In US Patent Application No. 2008/0124753A1, it was disclosed that a taste profile can be created by dually activating two or more TRP receptors. Although A1 could be one of the receptors activated, the compositions of the '753 application required activation of two or more receptors simultaneously to create an acceptable flavor or taste profile and offered no solution for mitigating unpleasant tastes caused by TRPA1 agonists.
In US Patent Application No. 2008/0050750A1, a method was disclosed in which the TRPA1 receptor was deactivated by antagonistic molecules, in order to block the pungent taste of thymol and other lower alkyl phenols that bind to A1. Their system involved the application of molecules that would shut down an active TRPA1 receptor.
In US Patent Application No. 2009/0175848A1 it was disclosed to modulate (inhibit) TRPA1 ion channel activity by targeting the ion channel TRPM5 and vice versa through the cooperativity mechanism identified therein. More specifically, the US '848 reference disclosed modulating pain, mechanosensation, and taste responses triggered through the ion channels TRPA1 and TRPM5.
In US Patent Application 2008/0242740A1, vanillins and vanillin isobutyrate were generally disclosed as one of a series of compounds that gave rise to a sweet odor impression. The disclosed purpose of US '740 was to enhance the sweetness of chalcones via saliva stimulating agents and materials that give an initial burst of sweetness. No means were provided to remedy off-tasting components.

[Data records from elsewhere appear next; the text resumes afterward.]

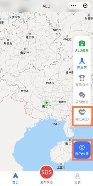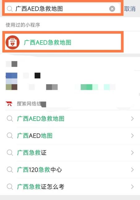 微信搜索“广西AED急救地图”小程序,即可查看附近可用设备。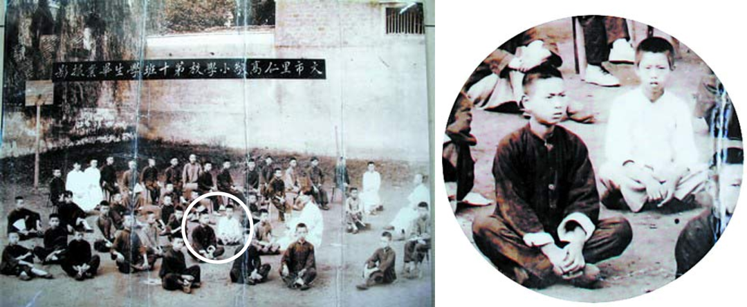 文市里仁高级小学校第十班学生毕业摄影右图为杨勇(左)与胡耀邦(右)
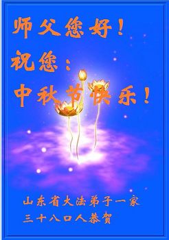 山東省大法弟子一家三十八口人恭祝慈悲偉大的師尊中秋佳節快樂!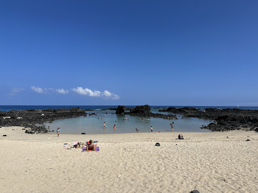 Read moreWe came here on a very windy day with a storm rolling that evening. The protected cove was still quite calm and a safe place for the kids to play. Just have to be cautious not to go out near/past the rocks as the current is very strong. We arrived at the security booth around 9:30am and got one of the parking passes (#23). I think there are 28 total so get there early! The security booth is a short drive down Kukio Nui Drive. They gave us a pass and then directed us to turn around and go right down Aina Kaha Place. From there we had to go through a number of gates to get to the beach parking lot. It was a short 5 minute walk on a paved path (with slow kids) to the beach. The beach is...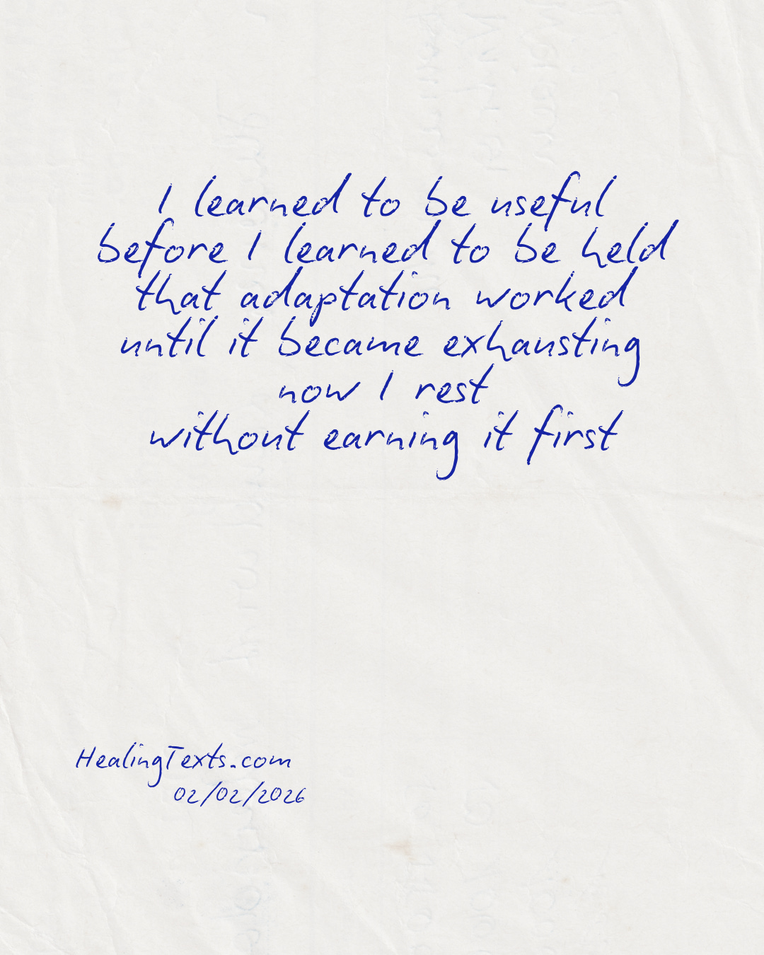 I learned to be useful before I learned to be held. That adaptation worked until it became exhausting. Now I rest without earning it first.
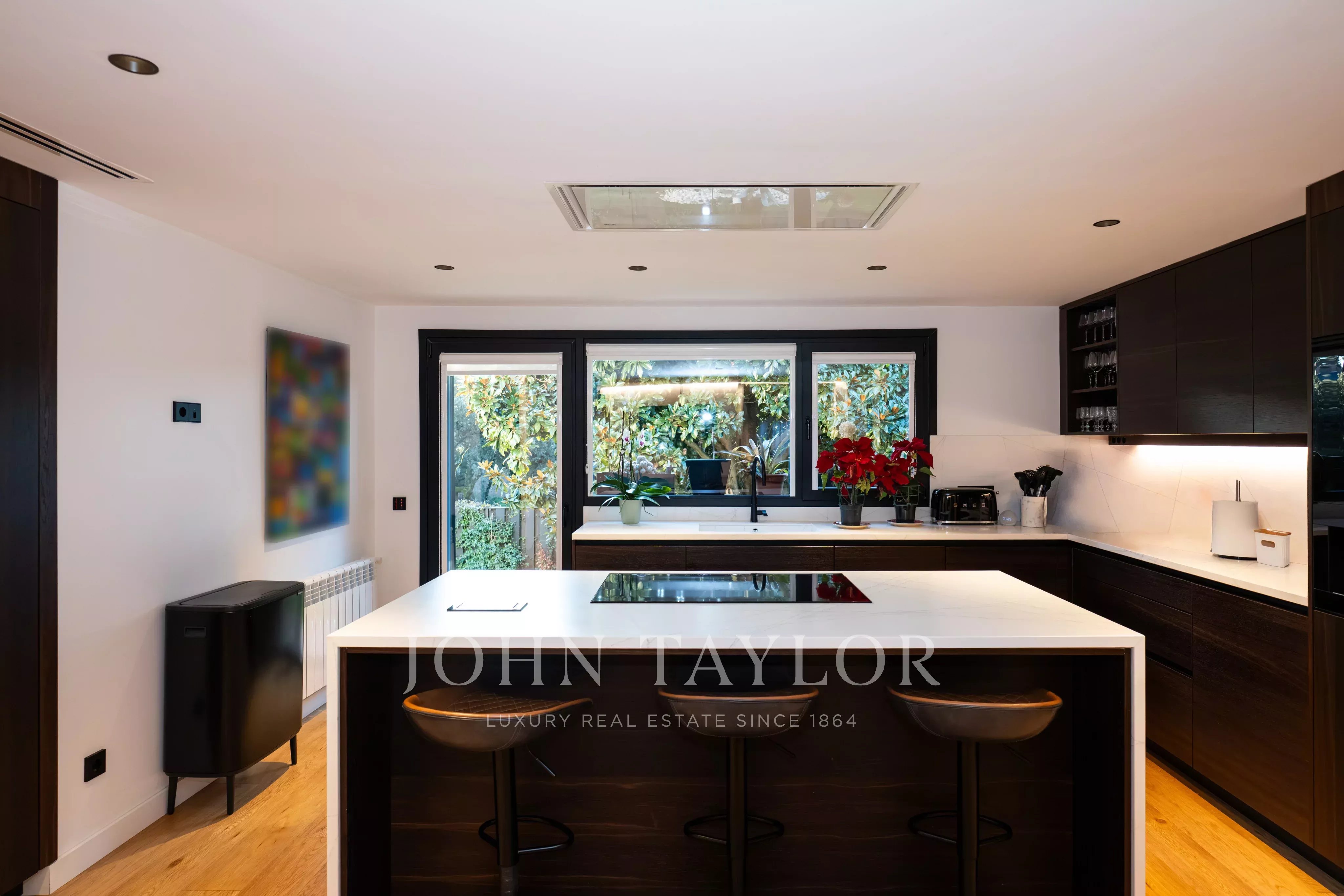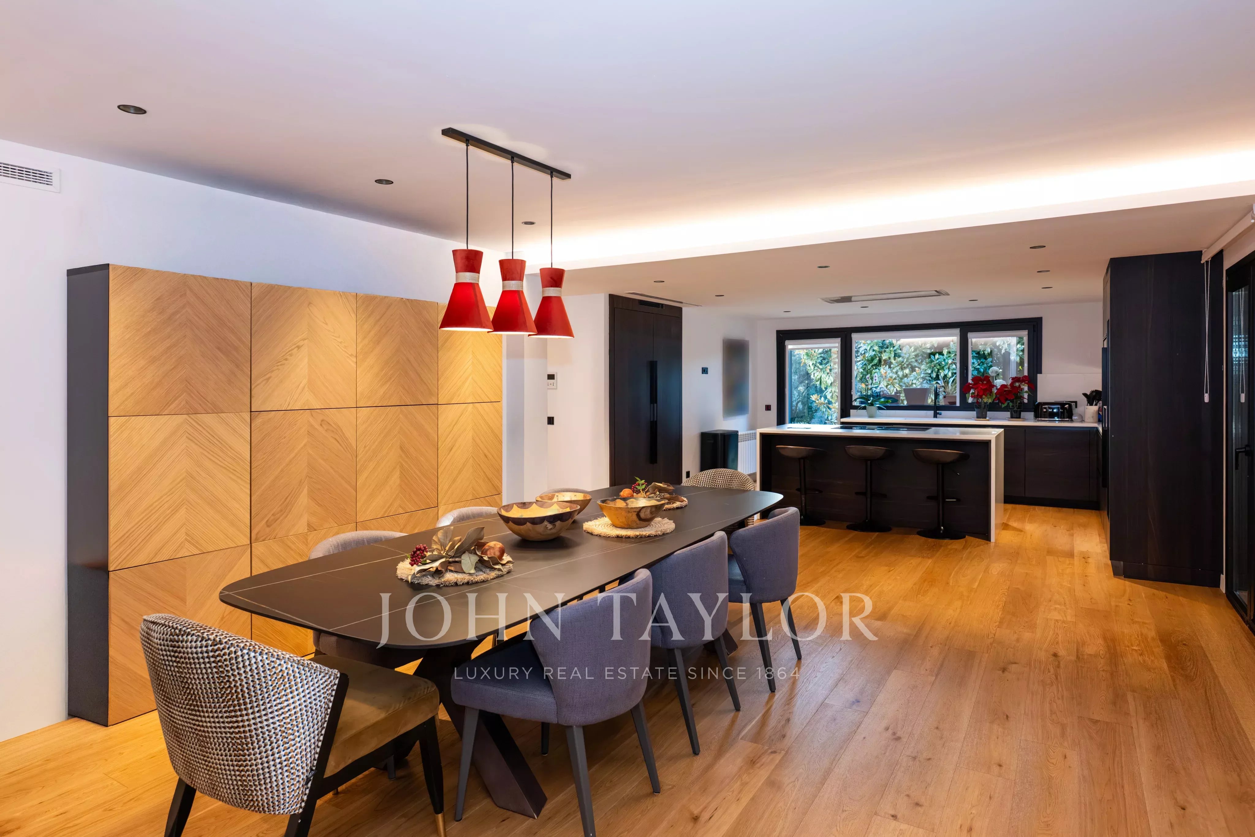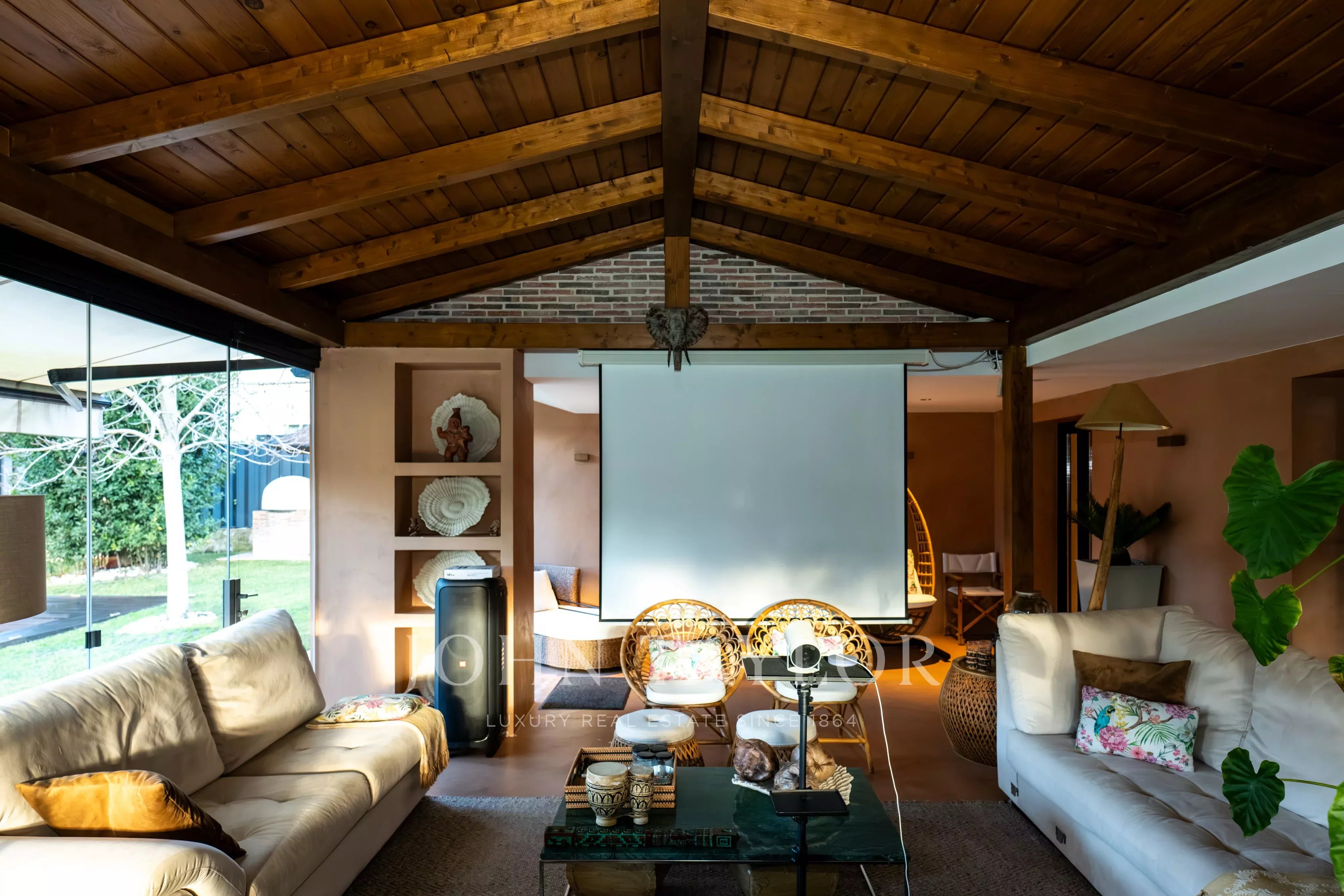 Die Villa erstreckt sich über zwei Etagen und überzeugt durch ihre großzügige Wohnfläche, hohe Decken, viel Tageslicht und eine funktionale Raumaufteilung. Der repräsentative Wohnbereich verfügt über ein großes Wohnzimmer mit Kamin und direktem Zugang zum Garten. Die voll ausgestattete Küche ist geräumig und eignet sich sowohl für den Alltag als auch für gesellige Anlässe. Ergänzt wird sie durch einen großen, geschlossenen und klimatisierten Bereich, der ganzjährig für Zusammenkünfte und Veranstaltungen genutzt werden kann.

US Patent Application No. 2008/0317923A1 disclosed suppression of a bitter, astringent impression in the oral cavity via compositions containing saliva stimulating agents, bitterness-masking aroma substances and/or flavorings, of which vanillin esters were not disclosed. Ethyl vanillin isobutyrate was mentioned as a malodor suppressing agent, but was not disclosed as having an effect on off-tasting or bitter substances.
In US Patent Application No. 2009/0004360A1, oral compositions that provide an enhanced perception of an active substance were disclosed. In particular, the compositions included an active substance, such as a sweetener or flavor, and a sweetness modifier. The sweetness modifier was disclosed as increasing the perception of sweetness upon consumption. The compositions could be incorporated into various types of edible orally delivered products, such as beverages, food products, confectionary or chewing gum products. Vanillin isobutyrate was disclosed as a potential sweetness modifier.
Despite the known functionality of the TRPA1 receptor and standard binding materials, a need still exists for an oral care composition containing TRPA1 agonists and yet provide a neutral or positive taste.